Generic deriving: new default methods
Simon Peyton-Jones
simonpj at microsoft.com
Wed Jan 12 09:13:40 CET 2011
| * Does the generic default have to be fixed at the time of the class
| definition?
|
| I think that Pedro's proposal's say "no", whereas Simon's proposals
| imply "yes" to this question. I think that it may be a common scenario
| that someone writes a library defining a class, and someone else comes
| up with a generic way to define instances for the class. I think it
| would be good if we could support that.
Harumph. Well that would involve a new nest of design issues
* What if there was more than one generic default visible?
* What if a class had both a H98 default for a method, and a "later" generic default?

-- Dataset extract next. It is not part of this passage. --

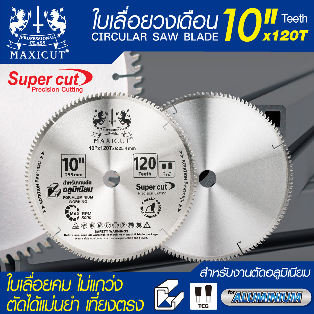 ใบเลื่อยวงเดือนตัดอลูมิเนียม 10"x120T MAXICUT สีน้ำเงิน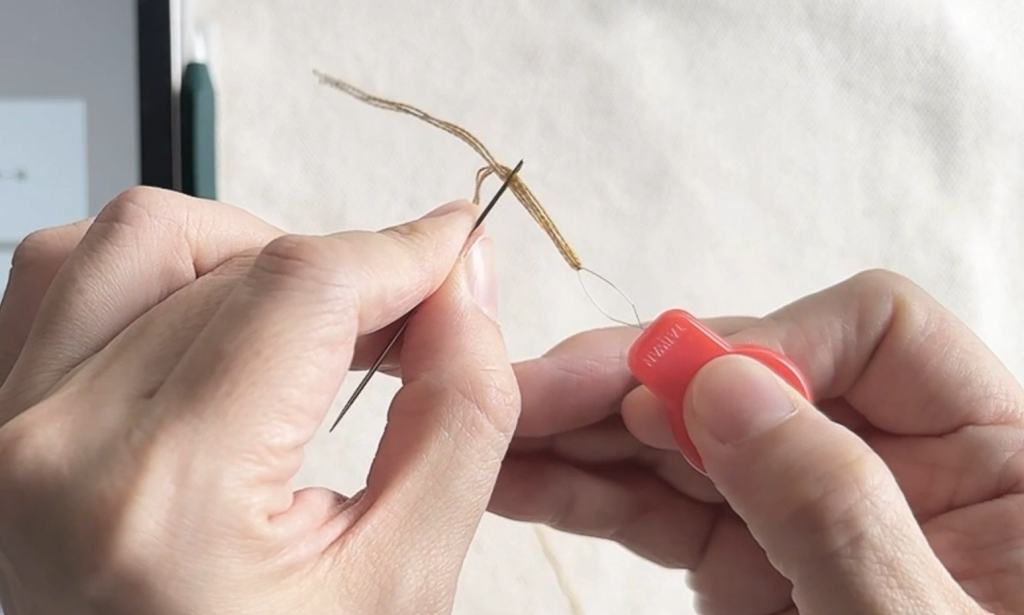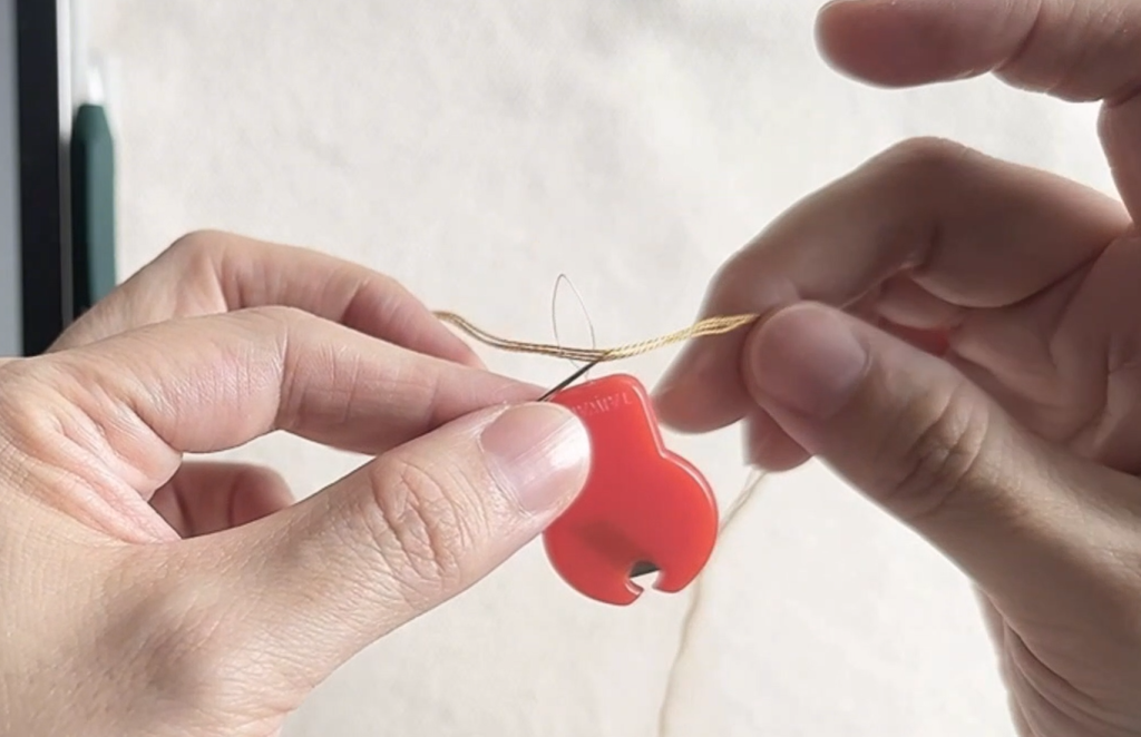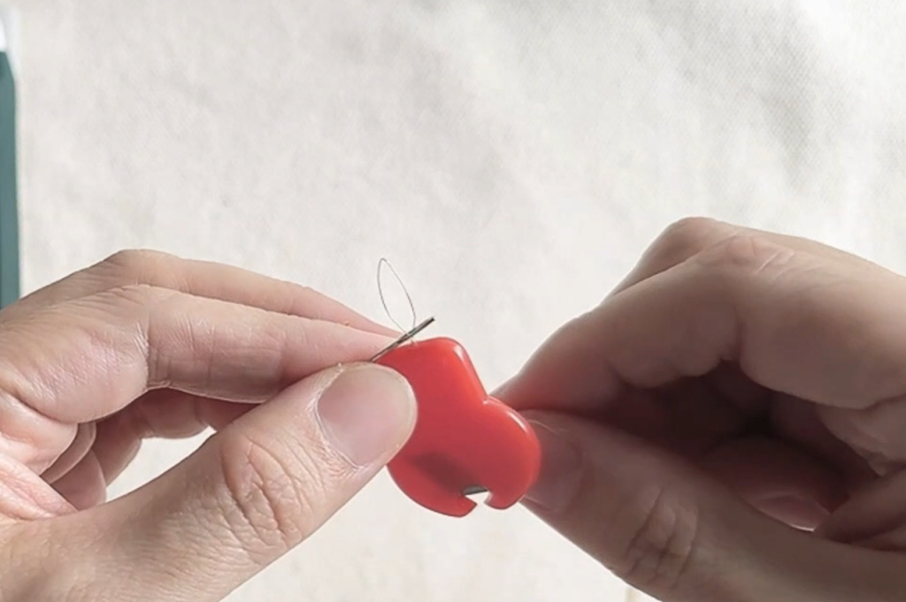 刺繡線比較軟、不容易直接穿過針孔,這時我們會用穿線片來幫忙

* Could the generic defaults be overlapping? eg
generic instance Representable a => C a where
op4 = blah
generic instance Representable a => C [a] where
op4 = blah-list
* What does it mean for a generic default to be "visible" anyway? I suppose you could say "use the same rules as instance declarations, but those rules are horrible.
* Can different methods (op3 and op4) have different generic defaults? eg
generic instance Representable a => C a where
op3 = blah3
...and somewhere else...
generic instance Foogle a => C a where
op4 = blah 4
* How do generic instances differ from ordinary (overlapping) instances. They are pretty close as you can see above.
Now there are legitimate questions about "superclass defaults" etc, see http://hackage.haskell.org/trac/ghc/ticket/788 and http://hackage.haskell.org/trac/ghc/ticket/2895. But I don't want to conflate the two.
So for my money, I say let's stick to the H98 mechanism, of specifying defaults with the class, and treat the issue of overriding etc separately.
Or can you see simple answers to the above?